Lurking around this analysis is the notion that Bush’s “power” — his capacity to get things done, to bring about one outcome rather than another — is some kind of infinitely flexible commodity that can be used in vastly different domains. The technical term here is “fungible”; money is a fungible resource because you can use it to purchase basically anything that is for sale at a given point in time. But power, in in this case presidential power, is not as fungible, but is more specifically bounded. After 11 September 2001, Bush was certainly empowered to extend the national security apparatus and to deploy troops, but it would be a stretch to say that he was empowered to (say) preach repentance for the sins of American imperialism, or even to reform the Social Security system.

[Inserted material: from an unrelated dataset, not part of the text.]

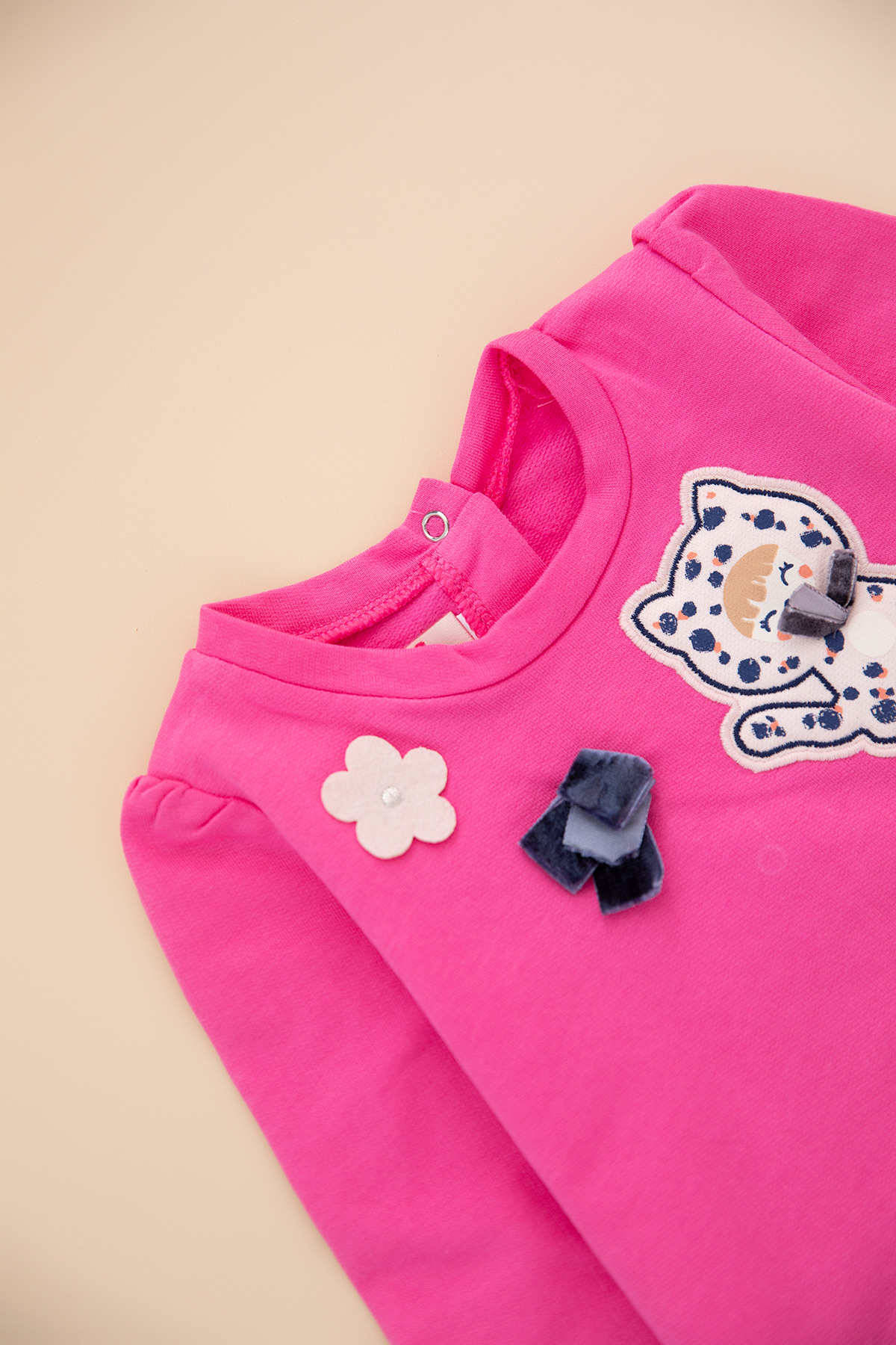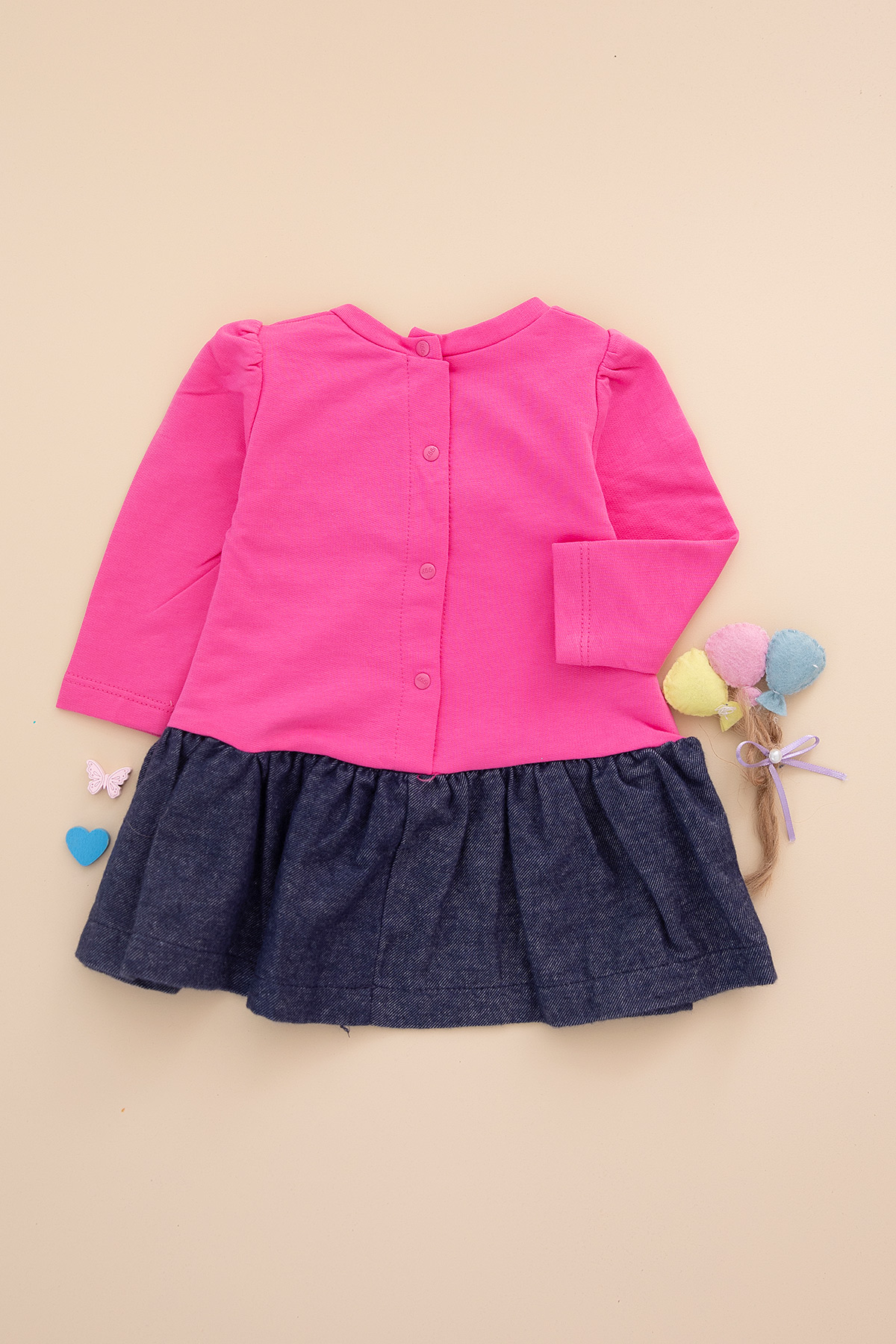 Kız Bebek Kedicik Nakışlı Elbise - 121102 (6-24 Ay)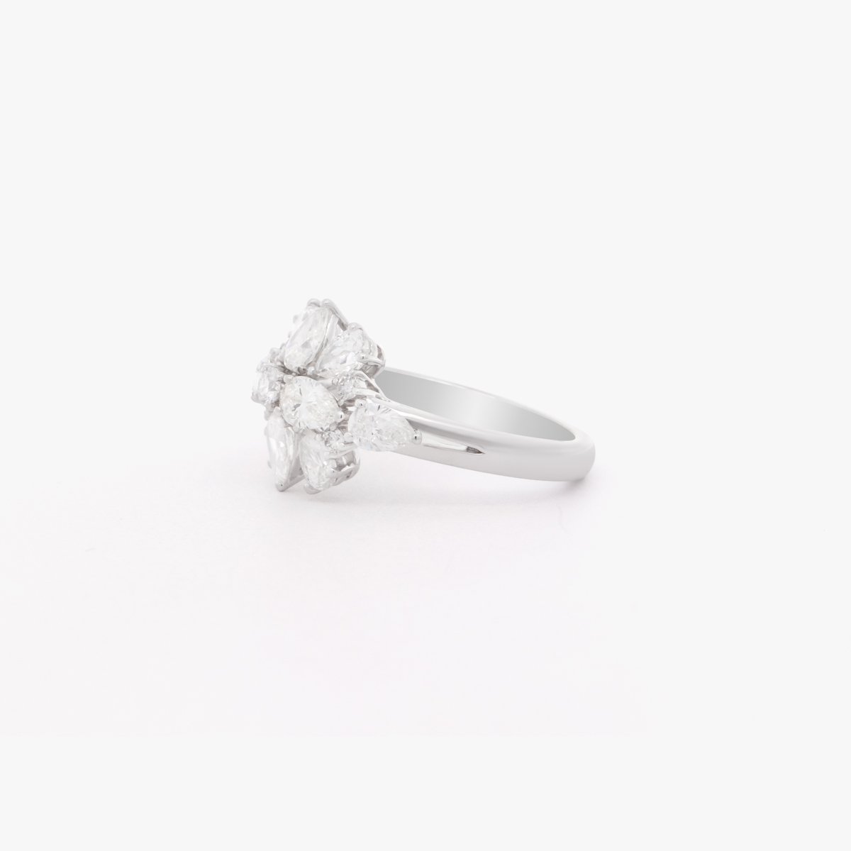 A bold cocktail ring combining pear and round-cut natural diamonds for a stunning effect.

To assume that Bush was “super-empowered” to the point where he could have ignored his base, his supporters, and the narrative strategies that they used to make sense of the world is to commit the “lump-of-power fallacy.” Recall that the fallacy revolves around two misleading notions: the idea that an actor or unit can “have” power, and the idea that power is a sort of transferrable (fungible) capacity that makes an actor capable of getting their way under almost any circumstances. A claim like “Bush had power” ignores the extent to which that power was inextricably bound up with a set of social relations that sustained it, including social relations involving a specific legitimation strategy (America as God’s Chosen Country Destined To Civilize All Of Humanity, a.k.a “Manifest Destiny”). A claim like “Bush could have ignored the neoconservative calls for war” further removes Bush’s socially produced and sustained ability to get things done from the relations that make it possible.

Could Bush have really done something different than he did? Sure — but it is important to specify the practical limits within which even this “super-empowered” president was working. He couldn’t produce a reinvigorated manned space flight program; he couldn’t privatize Social Security; and I think it unlikely that he (or any other American president) could have refused the call to deploy troops against suspected terrorists or the regimes that supported them.

Whenever we analyze power and agency, we have to keep the limits of the possible clearly in view. This is the only way that we can avoid the lump-of-power fallacy.

* Yes, this is a Weberian methodological claim. Is anyone surprised?